Da denkt man schon mal drüber nach, man sollte aber realistisch bleiben. Die Leute in Spanien kaufen kaum noch CDs und sind auch nicht bereit dazu, für Downloads Geld auszugeben. Als Band zu überleben geht eigentlich nur, wenn du ununterbrochen auf Tour bist. Ich glaube nicht, dass wir uns als Band nur mit Konzerten in Spanien, Südamerika und Mexiko über Wasser halten könnten. Schau dir zum Beispiel eine Band wie die HARD-ONS an, die habe ich neulich hier in Valencia gesehen. Die hatten eine Show zusammen mit Jello Biafra, das Konzert war mit 400 Leuten ausverkauft – meines Wissens übrigens das erste Mal, dass hier in Valencia ein Punk-Konzert ausverkauft war. Soweit ich weiß, haben die HARD-ONS seit Mitte der Achtziger weltweit über 2.000 Shows gespielt, und nur mit solch einem Einsatz kannst du als Band überleben. Wenn man live überzeugt, wird es immer noch Fans geben, die nach einem Konzert ein Album kaufen.

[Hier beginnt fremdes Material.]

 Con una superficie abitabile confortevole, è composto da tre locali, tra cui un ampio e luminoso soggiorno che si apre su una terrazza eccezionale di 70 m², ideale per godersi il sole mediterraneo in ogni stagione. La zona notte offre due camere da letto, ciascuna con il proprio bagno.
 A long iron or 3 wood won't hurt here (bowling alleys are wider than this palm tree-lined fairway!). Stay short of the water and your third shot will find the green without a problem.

Und was sind eure nächsten Pläne?

Unser zweites Album steht an und eigentlich sollte es schon längst draußen sein. Wir haben auch bereits 15 Songs eingespielt, von denen es vielleicht 13 auf das Album schaffen werden. Momentan fehlt uns das Geld für das Abmischen. Die Songs konnten wir noch mit überschaubarem Budget einspielen, für das Abmischen benötigen wir jetzt aber geschätzt 2.000 Euro, die wir momentan nicht haben. Es ist uns wichtig, dass die Songs gut abgemischt werden, mit den Aufnahmen bisher sind wir absolut zufrieden und wir möchten das Gesamtergebnis nicht mit einem minderwertigen Mix gefährden. In den nächsten Wochen stehen einige Konzerte an, bei denen hoffentlich ein paar Euro überbleiben. Den Rest müssen wir mit der Band dann privat zusammenkratzen.

Momentan hört man von immer mehr Tonträgern, die über Crowdfunding finanziert werden. Ist das keine Alternative für euch?

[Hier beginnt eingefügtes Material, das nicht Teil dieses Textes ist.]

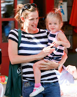 Jennifer Garner and her cutie pie daughter, Seraphina, show their stripes in matching tops as they go to the farmers market on Sunday (June 26) in Brentwood, Calif.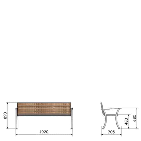 - Parkbank mit Rückenlehne und mit verlängerten Armlehnen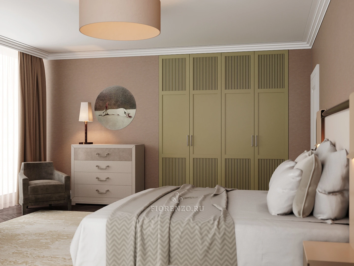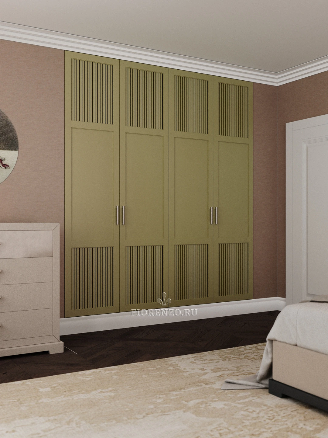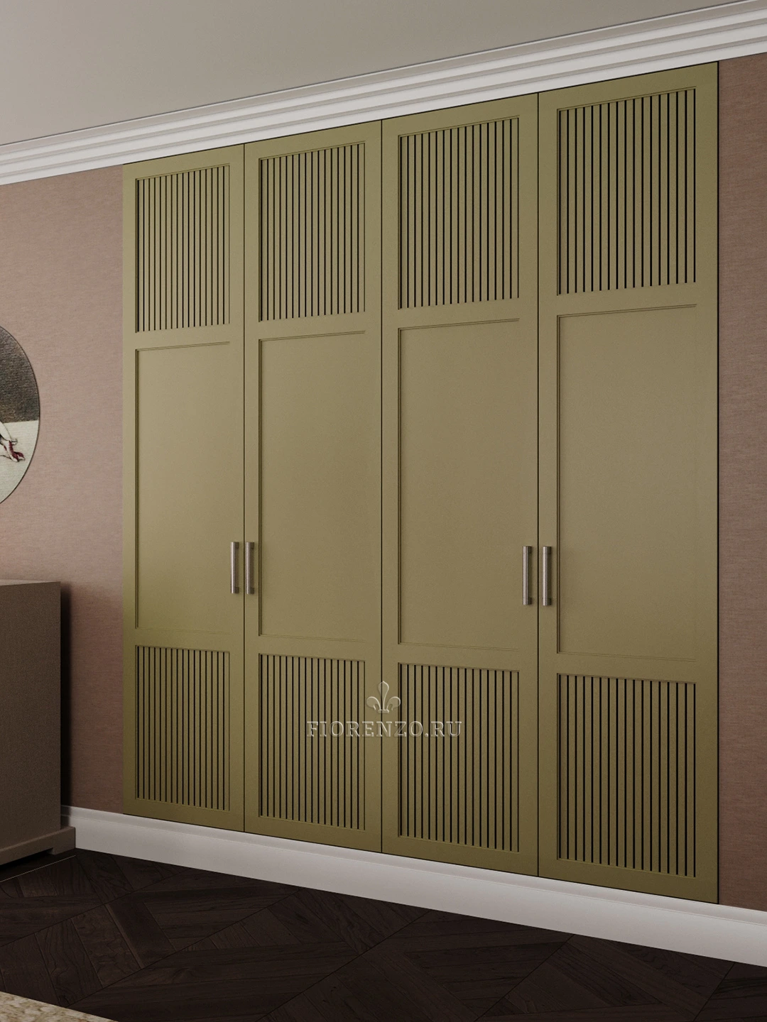 FIORENZO – мастерская уникальных решений и производитель мебели высокого качества. Тут вы можете заказать индивидуальный проект любой сложности и получить роскошный результат. Цвета, стили, размеры мебели выбирайте. Встроенный шкаф «Альби» с вентилируемыми фасадами подойдет для спальни, его характерной особенностью будет наличие вставок по типу жалюзи в дверках.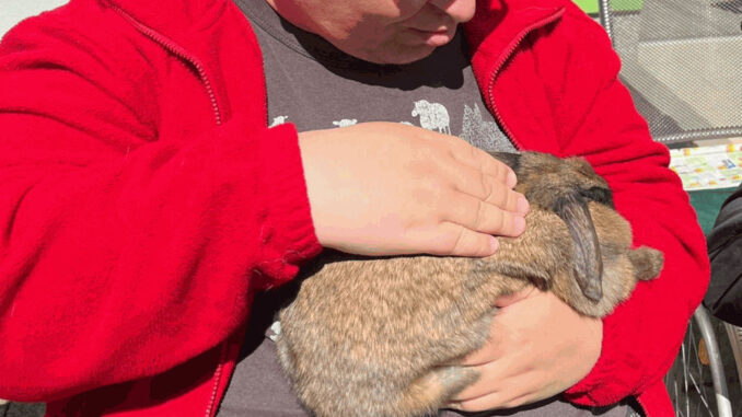 Letos na výlet vyrazil oslík Vilík, poník Valda a oslička Jana. Na pomazlení ošetřovatelky klientům přivezli z Babiččina dvorečku dospělé králíky i s mláďaty a kuřátka mladší než měsíc. Bylo to příjemné setkání pro všechny na sluníčku před budovou domu.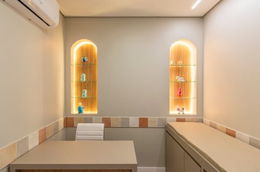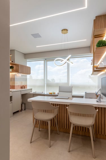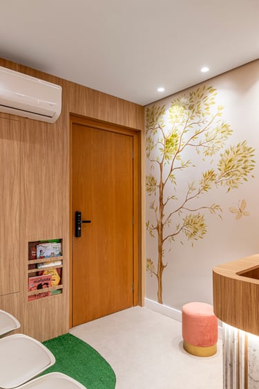 A proposta do projeto foi criar um consultório médico atemporal e encantador para pacientes de todas as idades, que transmitisse nos ambientes o cuidado e a delicadeza.

Wir haben in der Band über die Möglichkeit gesprochen. Aber es ist uns einfach zu unsicher. Wir wollten nicht Geld einnehmen mit einem Versprechen, bei dem es nicht sicher ist, dass wir es auch erfüllen können. Wenn uns jemand vorab Geld gibt, weil er davon ausgeht, dass wir ihm nach ein paar Wochen eine LP zuschicken, und dann finden wir kein Label, das unser Album auf Vinyl rausbringt, das Risiko wollten wir dann doch nicht eingehen. Für die CD haben wir immerhin schon ein Label gefunden: Wie unser erstes Album wird sie auf dem japanischen Label SP Records erscheinen. Für die Vinyl-Variante hat ein Label aus Madrid Interesse signalisiert. Wenn die ersten Songs abgemischt sind, werden wir das hoffentlich endgültig klarmachen können. Wir hoffen auf jeden Fall, dass wir spätestens im Spätsommer beide Formate an den Start bringen werden.